Suppose I have the following data.

df1 <- data.frame(province = c(1, 1, 1, 2, 2, 2),
              house = c(1, 2, 3, 4, 5, 6),
              lat = c(-76.6, -76.5, -76.4, -75.4, -80.9, -85.7), 
              lon = c(39.2, 39.1, 39.3, 60.8, 53.3, 40.2))

Using the geosphere library I can find the distance between two houses. For instance:

library(geosphere)
distm(c(df1$lon[1], df1$lat[1]), c(df1$lon[2], df1$lat[2]), fun = distHaversine)

#11429.1

How do I calculate the distance between all the houses in the province and gather the mean distance per province?

The original data-set has millions of observations per province, so performance is an issue here, too.

Answer 1

My initial idea was to look at the source code of distHaversine and replicate it in a function that I would use with proxy. That would work like this (note that lon is expected to be the first column):

library(geosphere)
library(dplyr)
library(proxy)

df1 <- data.frame(province = as.integer(c(1, 1, 1, 2, 2, 2)),
                  house = as.integer(c(1, 2, 3, 4, 5, 6)),
                  lat = c(-76.6, -76.5, -76.4, -75.4, -80.9, -85.7), 
                  lon = c(39.2, 39.1, 39.3, 60.8, 53.3, 40.2))

custom_haversine <- function(x, y) {
  toRad <- pi / 180

  diff <- (y - x) * toRad
  dLon <- diff[1L]
  dLat <- diff[2L]

  a <- sin(dLat / 2) ^ 2 + cos(x[2L] * toRad) * cos(y[2L] * toRad) * sin(dLon / 2) ^ 2
  a <- min(a, 1)
  # return
  2 * atan2(sqrt(a), sqrt(1 - a)) * 6378137
}

pr_DB$set_entry(FUN=custom_haversine, names="haversine", loop=TRUE, distance=TRUE)

average_dist <- df1 %>%
  select(-house) %>%
  group_by(province) %>%
  group_map(~ data.frame(avg=mean(proxy::dist(.x[ , c("lon", "lat")], method="haversine"))))

However, if you're expecting millions of rows per province, proxy probably won't be able to allocate the intermediate (lower triangular of the) matrices. So I ported the code to C++ and added multi-threading as a bonus:

EDIT: turns out the s2d helper was far from optimal, this version now uses the formulas given here.

EDIT2: I just found out about RcppThread, and it can be used to detect user interrupt.

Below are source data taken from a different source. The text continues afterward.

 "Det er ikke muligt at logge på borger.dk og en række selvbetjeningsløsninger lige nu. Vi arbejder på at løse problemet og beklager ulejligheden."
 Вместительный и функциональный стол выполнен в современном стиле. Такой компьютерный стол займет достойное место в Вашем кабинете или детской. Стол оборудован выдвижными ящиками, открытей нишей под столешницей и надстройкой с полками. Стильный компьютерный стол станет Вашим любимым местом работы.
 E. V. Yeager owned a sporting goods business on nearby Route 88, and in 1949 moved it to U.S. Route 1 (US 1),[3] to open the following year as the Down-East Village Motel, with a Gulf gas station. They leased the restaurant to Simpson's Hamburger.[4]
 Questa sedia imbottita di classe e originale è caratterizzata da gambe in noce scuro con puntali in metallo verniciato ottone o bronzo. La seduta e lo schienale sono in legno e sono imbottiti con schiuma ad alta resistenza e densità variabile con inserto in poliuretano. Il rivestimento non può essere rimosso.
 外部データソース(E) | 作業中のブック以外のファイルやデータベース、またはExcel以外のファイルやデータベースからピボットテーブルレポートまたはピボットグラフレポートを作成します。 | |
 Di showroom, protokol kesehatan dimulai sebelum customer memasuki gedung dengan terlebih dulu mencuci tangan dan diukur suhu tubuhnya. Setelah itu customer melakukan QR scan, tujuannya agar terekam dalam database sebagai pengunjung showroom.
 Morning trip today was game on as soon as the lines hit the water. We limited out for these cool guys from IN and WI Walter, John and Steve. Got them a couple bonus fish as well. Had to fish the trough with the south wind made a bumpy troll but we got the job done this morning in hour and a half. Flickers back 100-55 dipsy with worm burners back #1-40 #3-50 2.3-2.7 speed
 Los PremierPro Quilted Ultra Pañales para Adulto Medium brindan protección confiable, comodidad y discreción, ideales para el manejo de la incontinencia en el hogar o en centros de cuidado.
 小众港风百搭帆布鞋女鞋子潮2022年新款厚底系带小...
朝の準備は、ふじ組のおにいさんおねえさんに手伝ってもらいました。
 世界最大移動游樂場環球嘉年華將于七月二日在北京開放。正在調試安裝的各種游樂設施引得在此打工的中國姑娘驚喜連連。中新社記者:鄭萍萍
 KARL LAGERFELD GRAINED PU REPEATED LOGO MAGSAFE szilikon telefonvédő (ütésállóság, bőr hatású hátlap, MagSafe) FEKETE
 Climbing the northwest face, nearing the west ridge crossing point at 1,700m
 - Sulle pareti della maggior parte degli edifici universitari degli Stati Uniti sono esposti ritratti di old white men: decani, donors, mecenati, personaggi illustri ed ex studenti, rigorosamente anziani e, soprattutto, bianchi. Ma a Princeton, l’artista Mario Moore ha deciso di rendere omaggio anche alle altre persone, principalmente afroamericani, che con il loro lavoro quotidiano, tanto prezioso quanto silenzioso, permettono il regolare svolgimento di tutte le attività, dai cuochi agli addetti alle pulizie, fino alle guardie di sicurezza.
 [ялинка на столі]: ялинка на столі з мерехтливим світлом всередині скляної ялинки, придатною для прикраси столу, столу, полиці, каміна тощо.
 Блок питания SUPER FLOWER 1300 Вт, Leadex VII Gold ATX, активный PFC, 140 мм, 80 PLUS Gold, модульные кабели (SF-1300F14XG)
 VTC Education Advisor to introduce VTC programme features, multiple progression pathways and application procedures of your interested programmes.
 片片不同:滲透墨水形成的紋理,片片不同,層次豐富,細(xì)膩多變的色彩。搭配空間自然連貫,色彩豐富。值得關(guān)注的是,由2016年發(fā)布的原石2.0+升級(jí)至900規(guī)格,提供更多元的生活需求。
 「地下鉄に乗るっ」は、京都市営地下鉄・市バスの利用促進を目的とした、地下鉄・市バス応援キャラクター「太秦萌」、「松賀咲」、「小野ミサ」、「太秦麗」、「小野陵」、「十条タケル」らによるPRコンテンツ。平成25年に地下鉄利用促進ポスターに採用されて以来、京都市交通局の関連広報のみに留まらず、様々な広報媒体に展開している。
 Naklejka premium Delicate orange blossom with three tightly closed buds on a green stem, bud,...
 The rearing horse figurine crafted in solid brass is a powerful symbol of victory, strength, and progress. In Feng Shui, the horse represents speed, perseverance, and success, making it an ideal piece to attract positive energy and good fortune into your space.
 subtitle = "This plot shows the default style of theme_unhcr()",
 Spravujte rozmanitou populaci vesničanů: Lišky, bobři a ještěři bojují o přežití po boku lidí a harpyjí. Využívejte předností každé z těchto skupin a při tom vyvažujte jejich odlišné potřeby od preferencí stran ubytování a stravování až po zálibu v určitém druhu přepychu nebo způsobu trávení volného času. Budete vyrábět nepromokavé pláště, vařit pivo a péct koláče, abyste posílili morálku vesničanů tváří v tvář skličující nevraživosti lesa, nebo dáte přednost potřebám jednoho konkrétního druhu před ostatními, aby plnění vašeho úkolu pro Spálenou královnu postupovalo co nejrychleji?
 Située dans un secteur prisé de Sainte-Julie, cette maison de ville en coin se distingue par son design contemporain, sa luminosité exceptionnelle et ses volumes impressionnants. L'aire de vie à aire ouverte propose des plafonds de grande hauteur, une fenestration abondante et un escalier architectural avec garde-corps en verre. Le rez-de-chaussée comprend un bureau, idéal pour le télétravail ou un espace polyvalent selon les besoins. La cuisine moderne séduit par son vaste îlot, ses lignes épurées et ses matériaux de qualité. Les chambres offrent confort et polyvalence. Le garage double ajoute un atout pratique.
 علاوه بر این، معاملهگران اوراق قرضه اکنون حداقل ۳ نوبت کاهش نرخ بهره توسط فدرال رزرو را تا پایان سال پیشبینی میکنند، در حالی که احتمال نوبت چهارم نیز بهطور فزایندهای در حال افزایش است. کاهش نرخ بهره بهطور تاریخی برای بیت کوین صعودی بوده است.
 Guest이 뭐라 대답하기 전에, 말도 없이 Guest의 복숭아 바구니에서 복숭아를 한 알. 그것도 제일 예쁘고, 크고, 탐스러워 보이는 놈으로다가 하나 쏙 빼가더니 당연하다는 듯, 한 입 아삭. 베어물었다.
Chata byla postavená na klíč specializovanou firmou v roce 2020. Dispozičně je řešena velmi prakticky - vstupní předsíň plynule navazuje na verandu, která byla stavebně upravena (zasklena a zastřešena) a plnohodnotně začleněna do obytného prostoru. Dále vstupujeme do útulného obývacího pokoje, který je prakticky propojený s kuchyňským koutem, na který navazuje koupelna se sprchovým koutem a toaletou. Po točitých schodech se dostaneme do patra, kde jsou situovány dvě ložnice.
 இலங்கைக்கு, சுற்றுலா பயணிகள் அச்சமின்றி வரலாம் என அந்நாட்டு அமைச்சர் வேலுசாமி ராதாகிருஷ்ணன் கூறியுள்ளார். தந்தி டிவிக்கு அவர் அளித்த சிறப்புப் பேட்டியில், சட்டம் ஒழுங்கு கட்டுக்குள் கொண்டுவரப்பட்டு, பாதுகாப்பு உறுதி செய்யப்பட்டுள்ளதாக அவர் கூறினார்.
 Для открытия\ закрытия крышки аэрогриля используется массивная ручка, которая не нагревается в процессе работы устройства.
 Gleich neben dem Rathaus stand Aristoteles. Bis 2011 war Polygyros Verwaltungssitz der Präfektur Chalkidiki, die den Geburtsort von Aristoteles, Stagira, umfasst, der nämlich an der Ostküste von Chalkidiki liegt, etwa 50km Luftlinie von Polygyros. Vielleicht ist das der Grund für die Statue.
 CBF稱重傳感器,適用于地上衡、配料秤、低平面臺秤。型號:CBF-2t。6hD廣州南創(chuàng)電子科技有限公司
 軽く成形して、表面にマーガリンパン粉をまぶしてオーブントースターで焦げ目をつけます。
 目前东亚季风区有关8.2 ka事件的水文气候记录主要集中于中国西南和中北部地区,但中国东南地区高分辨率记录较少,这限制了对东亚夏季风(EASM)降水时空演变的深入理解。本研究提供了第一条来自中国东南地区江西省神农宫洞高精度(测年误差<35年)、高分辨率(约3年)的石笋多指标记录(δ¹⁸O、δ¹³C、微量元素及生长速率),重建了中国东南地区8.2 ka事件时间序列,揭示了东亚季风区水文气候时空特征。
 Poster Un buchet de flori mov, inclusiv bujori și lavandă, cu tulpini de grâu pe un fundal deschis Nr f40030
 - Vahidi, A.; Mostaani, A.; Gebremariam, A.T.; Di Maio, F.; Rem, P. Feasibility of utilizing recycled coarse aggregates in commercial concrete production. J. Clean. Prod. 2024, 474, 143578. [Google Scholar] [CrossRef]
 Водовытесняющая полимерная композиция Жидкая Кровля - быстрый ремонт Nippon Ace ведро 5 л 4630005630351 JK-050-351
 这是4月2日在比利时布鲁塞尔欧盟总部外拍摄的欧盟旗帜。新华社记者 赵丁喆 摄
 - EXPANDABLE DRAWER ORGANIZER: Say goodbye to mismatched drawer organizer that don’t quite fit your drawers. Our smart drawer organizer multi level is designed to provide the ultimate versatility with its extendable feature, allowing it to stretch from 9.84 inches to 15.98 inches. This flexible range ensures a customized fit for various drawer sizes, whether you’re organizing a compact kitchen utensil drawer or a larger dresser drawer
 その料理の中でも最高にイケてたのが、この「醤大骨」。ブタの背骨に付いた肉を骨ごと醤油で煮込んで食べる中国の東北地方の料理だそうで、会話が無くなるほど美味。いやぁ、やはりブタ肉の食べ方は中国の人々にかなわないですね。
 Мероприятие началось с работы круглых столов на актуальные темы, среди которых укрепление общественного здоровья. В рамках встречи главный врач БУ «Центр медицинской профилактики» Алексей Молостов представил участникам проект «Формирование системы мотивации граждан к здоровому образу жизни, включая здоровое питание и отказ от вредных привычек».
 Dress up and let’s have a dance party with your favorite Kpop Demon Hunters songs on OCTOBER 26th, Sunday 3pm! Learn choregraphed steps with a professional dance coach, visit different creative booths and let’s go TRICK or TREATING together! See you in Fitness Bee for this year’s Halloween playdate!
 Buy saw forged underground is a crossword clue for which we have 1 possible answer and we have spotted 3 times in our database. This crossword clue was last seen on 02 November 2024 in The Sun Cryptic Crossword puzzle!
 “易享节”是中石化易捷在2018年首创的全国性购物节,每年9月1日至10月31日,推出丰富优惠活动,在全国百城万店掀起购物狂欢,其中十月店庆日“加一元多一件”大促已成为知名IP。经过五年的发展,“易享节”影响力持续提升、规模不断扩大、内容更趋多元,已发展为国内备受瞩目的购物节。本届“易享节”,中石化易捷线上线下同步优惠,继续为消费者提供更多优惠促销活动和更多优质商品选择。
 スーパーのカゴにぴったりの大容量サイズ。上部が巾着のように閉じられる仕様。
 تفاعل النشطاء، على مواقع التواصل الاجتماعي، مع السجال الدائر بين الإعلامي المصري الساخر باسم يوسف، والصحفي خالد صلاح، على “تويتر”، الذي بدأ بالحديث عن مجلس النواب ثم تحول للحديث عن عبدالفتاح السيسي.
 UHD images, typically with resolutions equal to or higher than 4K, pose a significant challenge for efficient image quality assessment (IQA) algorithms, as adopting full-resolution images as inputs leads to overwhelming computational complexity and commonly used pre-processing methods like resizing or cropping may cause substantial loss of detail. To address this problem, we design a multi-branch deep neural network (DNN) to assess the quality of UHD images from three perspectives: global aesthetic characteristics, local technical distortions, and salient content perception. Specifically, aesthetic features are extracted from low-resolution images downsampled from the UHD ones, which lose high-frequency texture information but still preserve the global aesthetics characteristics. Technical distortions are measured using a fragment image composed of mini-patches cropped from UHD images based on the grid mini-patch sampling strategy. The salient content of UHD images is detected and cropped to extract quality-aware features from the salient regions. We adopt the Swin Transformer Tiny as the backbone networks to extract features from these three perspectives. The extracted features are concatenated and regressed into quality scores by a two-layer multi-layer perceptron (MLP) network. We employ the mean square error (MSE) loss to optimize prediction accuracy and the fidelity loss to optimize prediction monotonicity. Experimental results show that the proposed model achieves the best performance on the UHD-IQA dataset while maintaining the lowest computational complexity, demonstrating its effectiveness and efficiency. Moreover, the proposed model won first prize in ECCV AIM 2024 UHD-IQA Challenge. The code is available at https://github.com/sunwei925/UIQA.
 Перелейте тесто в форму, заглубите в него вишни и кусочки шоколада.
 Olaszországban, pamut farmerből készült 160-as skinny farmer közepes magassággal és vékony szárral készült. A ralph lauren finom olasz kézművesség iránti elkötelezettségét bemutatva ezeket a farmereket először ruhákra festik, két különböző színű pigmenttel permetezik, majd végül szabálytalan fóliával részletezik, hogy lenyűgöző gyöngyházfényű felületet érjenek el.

// [[Rcpp::plugins(cpp11)]]
// [[Rcpp::depends(RcppParallel,RcppThread)]]

#include <cstddef> // size_t
#include <math.h> // sin, cos, sqrt, atan2, pow
#include <vector>

#include <RcppThread.h>
#include <Rcpp.h>
#include <RcppParallel.h>

using namespace std;
using namespace Rcpp;
using namespace RcppParallel;

// single to double indices for lower triangular of matrices without diagonal
void s2d(const size_t id, const size_t nrow, size_t& i, size_t& j) {
  j = nrow - 2 - static_cast<size_t>(sqrt(-8 * id + 4 * nrow * (nrow - 1) - 7) / 2 - 0.5);
  i = id + j + 1 - nrow * (nrow - 1) / 2 + (nrow - j) * ((nrow - j) - 1) / 2;
}

class HaversineCalculator : public Worker
{
public:
  HaversineCalculator(const NumericVector& lon,
                      const NumericVector& lat,
                      double& avg,
                      const int n)
    : lon_(lon)
    , lat_(lat)
    , avg_(avg)
    , n_(n)
    , cos_lat_(lon.length())
  {
    // terms for distance calculation
    for (size_t i = 0; i < cos_lat_.size(); i++) {
      cos_lat_[i] = cos(lat_[i] * 3.1415926535897 / 180);
    }
  }

  void operator()(size_t begin, size_t end) {
    // for Kahan summation
    double sum = 0;
    double c = 0;

    double to_rad = 3.1415926535897 / 180;

    size_t i, j;
    for (size_t ind = begin; ind < end; ind++) {
      if (RcppThread::isInterrupted(ind % static_cast<int>(1e5) == 0)) return;

      s2d(ind, lon_.length(), i, j);

      // haversine distance
      double d_lon = (lon_[j] - lon_[i]) * to_rad;
      double d_lat = (lat_[j] - lat_[i]) * to_rad;
      double d_hav = pow(sin(d_lat / 2), 2) + cos_lat_[i] * cos_lat_[j] * pow(sin(d_lon / 2), 2);
      if (d_hav > 1) d_hav = 1;
      d_hav = 2 * atan2(sqrt(d_hav), sqrt(1 - d_hav)) * 6378137;

      // the average part
      d_hav /= n_;

      // Kahan sum step
      double y = d_hav - c;
      double t = sum + y;
      c = (t - sum) - y;
      sum = t;
    }

    mutex_.lock();
    avg_ += sum;
    mutex_.unlock();
  }

private:
  const RVector<double> lon_;
  const RVector<double> lat_;
  double& avg_;
  const int n_;
  tthread::mutex mutex_;
  vector<double> cos_lat_;
};

// [[Rcpp::export]]
double avg_haversine(const DataFrame& input, const int nthreads) {
  NumericVector lon = input["lon"];
  NumericVector lat = input["lat"];

  double avg = 0;
  int size = lon.length() * (lon.length() - 1) / 2;
  HaversineCalculator hc(lon, lat, avg, size);

  int grain = size / nthreads / 10;
  RcppParallel::parallelFor(0, size, hc, grain);
  RcppThread::checkUserInterrupt();

  return avg;
}

This code won't allocate any intermediate matrix, it will simply calculate the distance for each pair of what would be the lower triangular and accumulate the values for an average in the end. See here for the Kahan summation part.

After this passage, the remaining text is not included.